Shrinking ice moving the Earth's crust upwards in the Northern Antarctic Peninsula

As per scientists, earth’s mantle under Antarctica is moving rapidly, changing the shape of the land at a rate that can be recorded by GPS. Researchers have explained for the first time why the upward motion of Earth’s crust in the Northern Antarctic Peninsula is currently occurring so rapidly. 

At the surface, Antarctica is a motionless and frozen landscape. Yet hundreds of miles down the Earth is moving at a rapid rate.
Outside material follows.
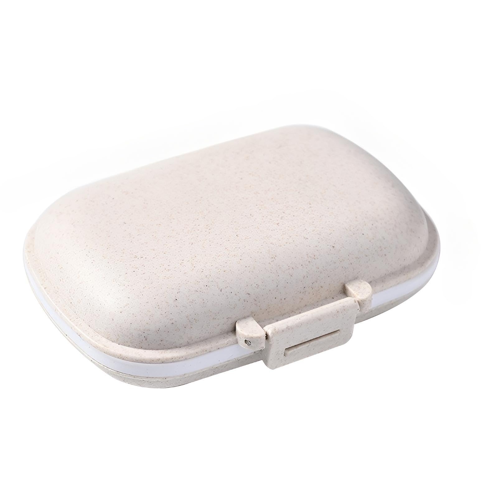 Comes with a Travel Pill Organizer, 8 Compartments Portable Pill Case. Good Material, large capacity with PORTABLE SIZE of 4.3 x 3.5 x 1.2 inches. The outer container and each compartment have a lid, will not spill the pills due to the dropping of the pill box.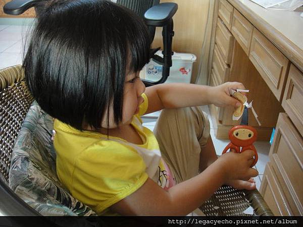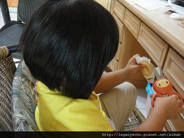 告訴亮亮,先睡午覺,睡醒後,我要拿亮爸爸小時候用的剪刀借亮亮使用。於是亮亮帶著小小期待,迅速的去睡午覺了。

Earlier studies have found that the Earth is ‘rebounding’ due to the overlying ice sheet shrinking in response to climate change. This movement of the land was understood to be due to an instantaneous, elastic response followed by a very slow uplift over thousands of years. But Global Positioning System (GPS) data has shown that the land in this region is actually rising at a phenomenal rate of 15mm a year – much greater than what can be accounted for by the present-day elastic response alone. And scientists have shown for the first time how the mantle below the Earth’s crust in the Antarctic Peninsula is flowing much faster than expected, probably due to subtle changes in temperature or chemical composition. This shows that the mantle can flow more easily and therefore responds much more rapidly to the reduction of load hundreds of kilometers above it, changing the shape of the land. So as the glaciers slenderize and the load in that localized area decreases, the mantle pushes up the crust.

Since 1995, several ice shelves in the Northern Antarctic Peninsula have melted and caused ice-mass unloading, leading to the solid Earth to ‘bounce back’. The ice puts downward pressure on the Earth and as this weight reduces the crust bounces back.